The FP-growth algorithm, as an effective tool for data mining, is specifically designed to find FISs in large-scale datasets. The frequent pattern tree (FP-tree) facilitates the mining of FISs, circumvents the intricacies of multiple scans of the dataset, and thus enhances efficiency. Yong et al. used the FP-growth to mine strong correlation factors that affect electricity demand, and applied the Generalized Regression Neural Network (GRNN) algorithm to achieve electricity demand prediction, aiming to lift the performance of electricity knowledge text mining. By setting the mini-support and smoothing factor of GRNN reasonably, good performance in power text mining could be achieved. 10 Wang et al. designed a split-based parallel FP-growth aimed at addressing the challenges faced by student course data analysis in universities in terms of storage capacity and computing power. The association rules between course grades obtained from this provided useful suggestions for the learning methods of students and the teaching methods of teachers. 11 Zhang et al. proposed a parallel mining algorithm aimed at solving the problem of FP-tree being stored in independent memory. In this way, the algorithm did not need to generate FP-tree for the transaction database, thus solving the problem of independent memory storage. 12 Li et al. proposed an improved FP-growth algorithm that adds a new tail attribute to the existing frequent item header table, thereby accelerating the construction process of FP-tree. The target was to investigate the collection, integration, and analysis process of tire quality data by analyzing abnormal quality issues during tire manufacturing. This improved FP-growth could effectively improve the efficiency of correlation analysis for tire quality anomaly data. 13
Scholars have proposed various improvement methods for Natural Language Processing (NLP) tasks such as automatic text summarization and deep learning analysis to enhance processing efficiency and result quality. Kirmani et al. proposed an automatic mixed text summarization technique to address the challenge of quickly extracting core content from massive amounts of text information. This method combined the advantages of extraction and abstract summarization, retaining key sentences in the text while generating simplified expressions through natural language. The results showed that this method outperformed single type summarization in multiple evaluation metrics and could more efficiently convey the main points of the original text. 14 The current automatic text summarization lacked abstraction ability. Mohd et al. proposed a hybrid summary generation method that combines NLP features, sorting algorithms, and WordNet. This method first sorted and selected key content from text sentences based on multiple features. Subsequently, a word replacement strategy was introduced to convert some vocabulary into simplified expressions, thereby enhancing the abstraction of the abstract. The results showed that this method outperformed traditional pure extraction summarization methods in information coverage and language conciseness. 15 Asudani et al. systematically reviewed various mainstream methods and their applications regarding the selection of word embeddings and deep learning models in text analysis. By comparing the performance of different models in tasks such as text classification and sentiment analysis, a strategy for selecting embedding methods and deep structures based on domain requirements was proposed. The results showed that using domain specific word vectors combined with LSTM models could significantly improve the accuracy and efficiency of text analysis tasks. 16
In summary, comprehensive quality education is increasingly receiving attention, and SPFA has become a research focus. However, traditional physical fitness tests suffer from incomplete data reflection and low processing efficiency. The FP-growth algorithm can improve data processing efficiency by constructing FP-tree. Therefore, integrating the FP-growth algorithm into SPFA is expected to comprehensively analyze data, explore underlying patterns, provide scientific support for personalized education, and promote students’ comprehensive growth.

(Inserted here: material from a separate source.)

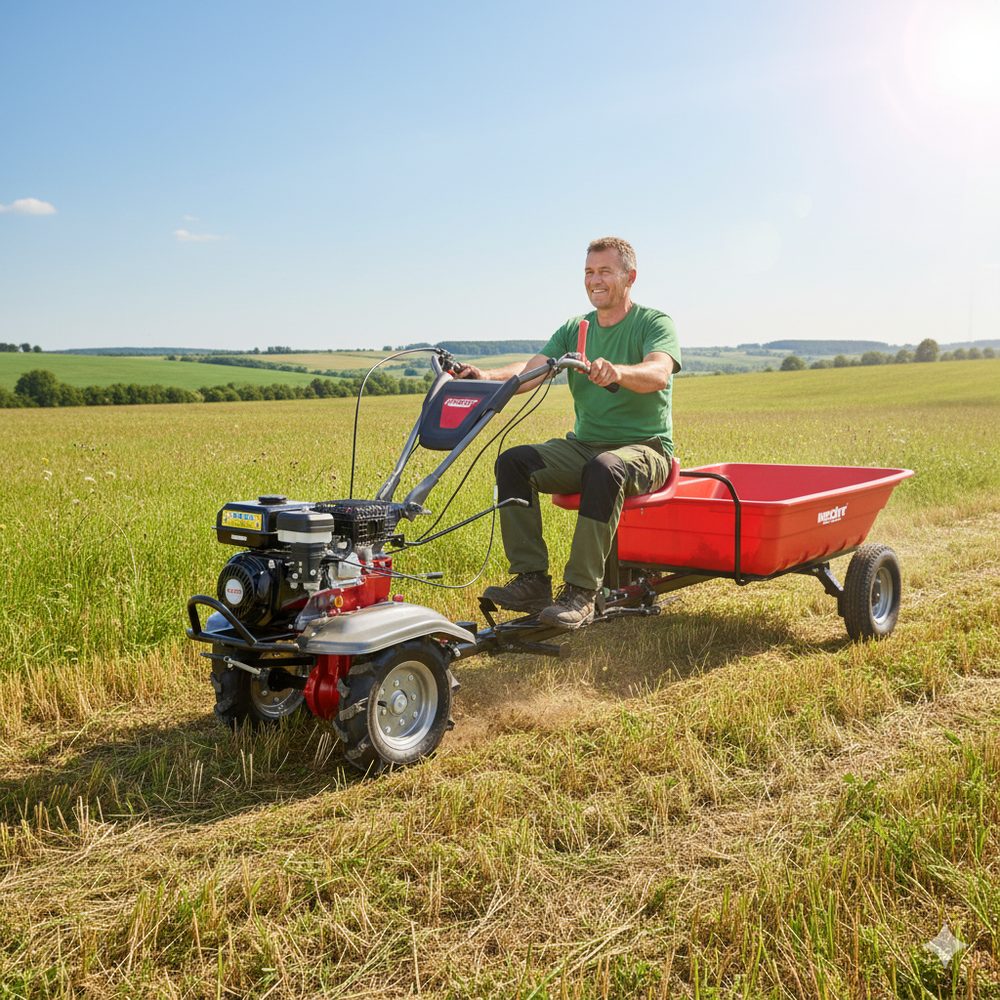 Motor cultivator set with wheels and plowing plow. 212 cm3 engine with a rated output of 3.6 kW. Weight 78 kg. Convertible to a single-axle tractor.

Building an SPFA model integrating FP-growth algorithm
Construction and analysis of improved Apriori-based optimization algorithm
In recent years, socio-economic progress and changes in lifestyle have brought about prominent physical health issues among adolescents, such as obesity, myopia, and declining exercise ability. The Chinese government has raised the attention to the P-MH of young people to an unprecedented level in the “Healthy China 2030” national strategy. Therefore, scientifically and strictly implementing student PFA is a specific response to national policy requirements and a key measure to solve and improve the current physical health problems of young people.17–19 In this context, the application of DMT is particularly important. This technology utilizes diverse algorithmic tools to explore, discover, and extract potential patterns, associations, and novel insights from massive data on SPF, aiming to provide information with decision support value. The ability to predict future trends and accurately identify the complex interactions and inherent laws between SPF is of significant benefit. Through such data analysis, it is possible to more effectively understand and optimize the physical development status of adolescents. Figure 1 shows the process of data mining. Flow chart of data mining for student physical fitness assessment.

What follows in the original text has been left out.